Environmental factors in tsunami evacuation simulation: topography, traffic jam, human behaviour

Abstract

AbstractThe risk a tsunami, a high-rise wave, poses to coastal cities has been highlighted in recent years. Emergency management agencies have become more prepared, and new policies and strategies are in place to strengthen the city's resiliency to such events. Evacuation is a highly effective response to tsunamis, and recent models and simulations have provided valuable insights into mass evacuation scenarios. However, the accuracy of these simulations can be improved by accounting for additional environmental factors that affect the impact of a tsunami event. To this end, this study has been conducted to enhance an evacuation simulation model by considering topography that impacts traffic mobility and speed, traffic congestion, and human behaviour.

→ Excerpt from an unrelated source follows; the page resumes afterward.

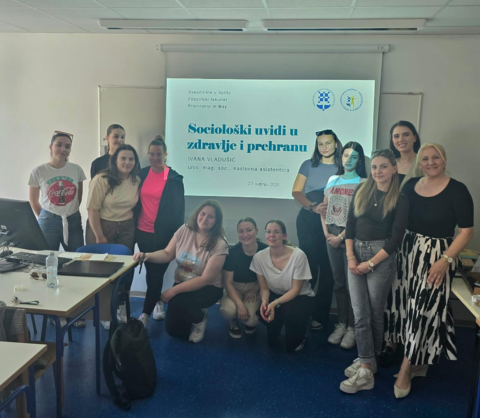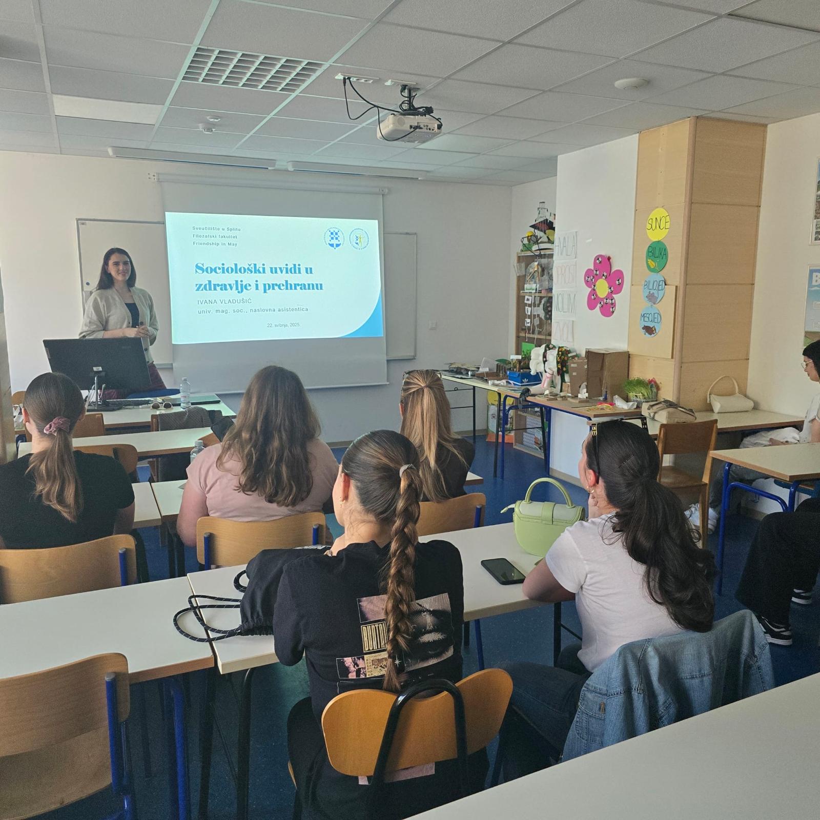 Na Filozofskom fakultetu Sveučilišta u Splitu, 22. svibnja 2025., održano je predavanje i radionica Sociološki uvidi u zdravlje i prehranu, koje je izložila Ivana Vladušić, univ. mag. soc., naslovna asistentica. Događaj je privukao brojne studente i nastavnike zainteresirane za dublje razumijevanje naizgled svakodnevnih tema – hrane i zdravlja – iz perspektive društvenih znanosti.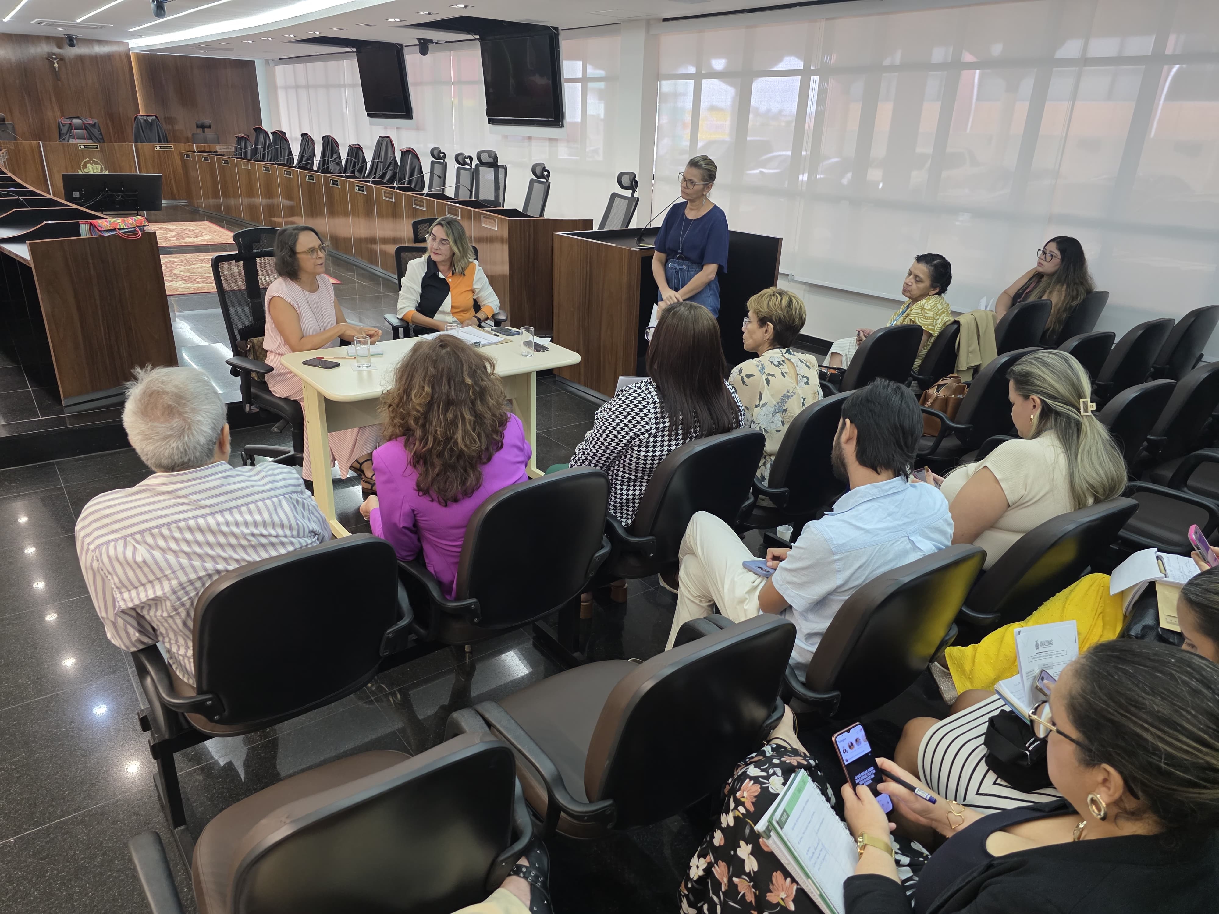 Em reunião realizada na quarta-feira (05/11), o MP, representado pelas promotoras de Justiça Cláudia Maria Raposo da Câmara e Luissandra Chíxaro de Menezes, titulares, respectivamente, das 54ª e 58ª Promotorias de Justiça de Defesa dos Direitos Humanos à Saúde Pública (PRODHSP), recebeu representantes das Secretarias de Saúde do Amazonas (SES-AM) e de Manaus (Semsa), da Fcecon e do Conselho de Secretários Municipais de Saúde do Amazonas (Cosems).

The updated model was employed to evaluate the effectiveness of Napier City's current evacuation plan, as it can realistically simulate both pedestrian and vehicular traffic movements simultaneously. The simulation demonstrated in this paper was based on a scenario involving an 8.4 Mw earthquake from the Hikurangi subduction interface, which would trigger a tsunami risk in the area. Based on this event, the final evacuation time (time between after the shake is felt and the arrival of the tsunami wave at the shoreline of Napier City) is considered to be 50 min. The results of the MSEM model are presented within two categories, (1) survival rate and (2) safe zone capacity. The evacuation simulation model used to examine the environmental factors in this study is the Micro-Simulation Evacuation Model (MSEM), an agent-based model capable of considering both pedestrian and vehicular interactions. The results showed that the steep pathway to the safe zone would markedly decrease the moving speed and reduce the survival rate, highlighting the need to have supporting vertical evacuation to reduce the number of evacuees heading to steep routes. Additionally, the modelling and assessment of mass evacuation by vehicles has highlighted regions of severe congestion due to insufficient network capacity. Through highlighting such regions, the model aid policy makers with a more targeted approach to infrastructure investment to improve flows of traffic in mass evacuation scenarios and increase survival rates.